In the last two weeks three times the air has carried the smell of the sea through Tokyo. Tonight was another such night. In all my years living in Tokyo never before have I smelled the ammonia and seaweed and salt away from the coast. It was like a subtle reminder of where I am, where all people in Tokyo are, but which is so easily forgotten amidst all the concrete and rush.

Shetlands Foghorn
Foghorn on the Sumburgh Head Lighthouse, the Shetlands, Great Britain, 1995.

 

In the last two weeks three times the air has carried the smell of the sea through Tokyo. Tonight was another such night. In all my years living in Tokyo never before have I smelled the ammonia and seaweed and salt away from the coast. It was like a subtle reminder of where I am, where all people in Tokyo are, but which is so easily forgotten amidst all the concrete and rush.

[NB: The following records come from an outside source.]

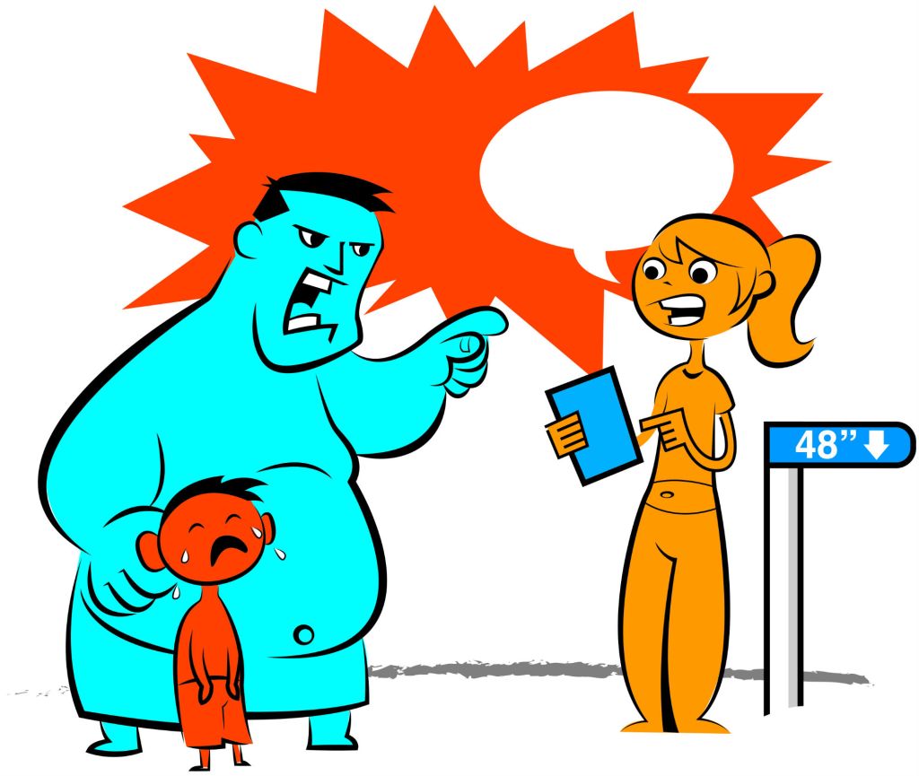 My boss dug out the manual for the Giant Rapid River Ride, and began to scan the pages. She cried, “Aha!” and pointed to a page. There it was in print: the manufacturer’s rules. It stated that if a child was between 45- and 48-inches tall, and an adequate swimmer, they could ride the slide wearing a coast guard approved personal floatation device.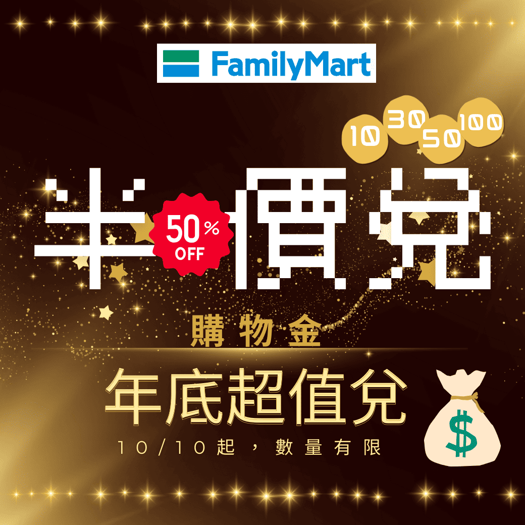 活動內容:活動期間,到 HAPPY GO APP 限時限量半價兌「全家購物金」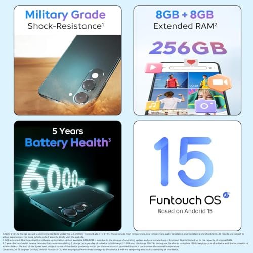 iQOO Z10 Lite 5G (Titanium Blue, 4GB RAM, 128GB Storage) | 6000 mAh Battery | Dimensity 6300 5G Processor with 433K+* AnTuTu Score | IP64 Rated & Military Grade Shock-Resistance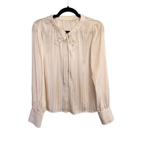 FRAME- Women’s Shirred Silk Neck-Tie Blouse in Off White, Size Large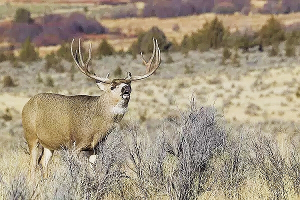 Mule deer (Odocoileus hemionus) Mule deer are one of the most iconic and beloved wildlife in the American West. They are so-named because of their large ears that look like a mule's ears. During summer, these deer are a tannish-brown colour and in winter they are brownish-grey. There is a white patch on their rump and they have a small white tail tipped with black. The fawns have a spotted coat. The bucks (males), have forked antlers, which are shed in mid-February. Their next set of antlers then starts to grow immediately. Antlers have a covering of velvety skin until they are fully formed, at which point the buck scrapes off this layer. Females (does) do not have antlers.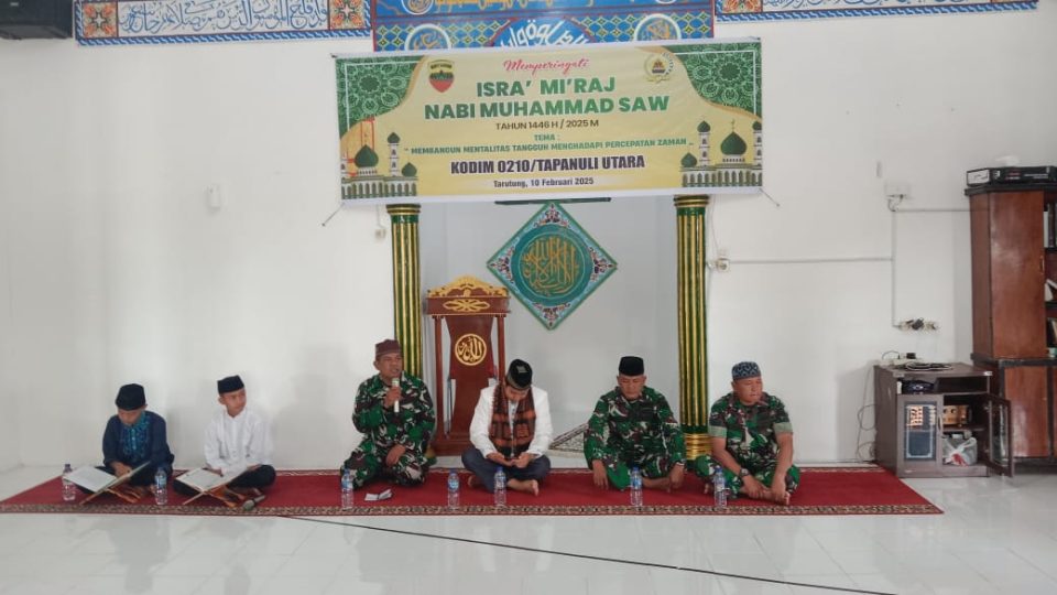 Koranparlemen.com | TAPUT – Komando Distrik Militer (Kodim) 0210/Tapanuli Utara selenggarakan Peringatan Isra Mi’raj Nabi Muhammad SAW tahun 1446 H/2025 M bertempat di Mesjid Al Ikhlas Kodim 0210/TU Jalan Kolonel Maringan Hutagalung Kelurahan Hutatoruan X Kecamatan Tarutung Kabupaten Taput, Senin (10/2/2025).

Tokyo.. once called “Edo”… was once famed for the variety, excellence, and freshness of its fish. The best fish was referred to as “Edo-mae”, sort of an equivalent of the American Grade A beef. During the Edo Period the docks and piers and wharfs and landfills that block the city’s access to the water today existed only in some dreamer’s mind; many of the waterways extended quite far inland, and the smell of the sea must have been a daily ingredient in Edo’s sea breezes.

To add magic to the briny air, I’ve been watching the TV series “Horatio Hornblower”. As a boy I loved seafaring stories and would devour such books as “Two Years Before the Mast”, “Treasure Island”, and “The Mutiny On the Bounty”. While other kids put together plastic racing car and robot models, I took my tweezers and rigged the intricate sails and masts of such tall ships as the Cutty Sark, the Golden Hind, the H.M.S. Beagle, and the H.M.S. Bounty. I still dream of one day learning to sail a yacht and crossing the Pacific. I would love to spend one night out in the middle of the ocean, lying on deck, and watching the stars.

This month “Pirates of the Carribean” will start. The sea has hoven into my shores this summer. The salt spray is calling.

2 replies on “The Smell of the Sea”

So you aren’t also a Patrick O’Brian fan, are you? At least, not yet? If you like Hornblower, you’ll love these–it’s dangerous, though. There are twenty books in the series. I’ve read them all AT LEAST four times.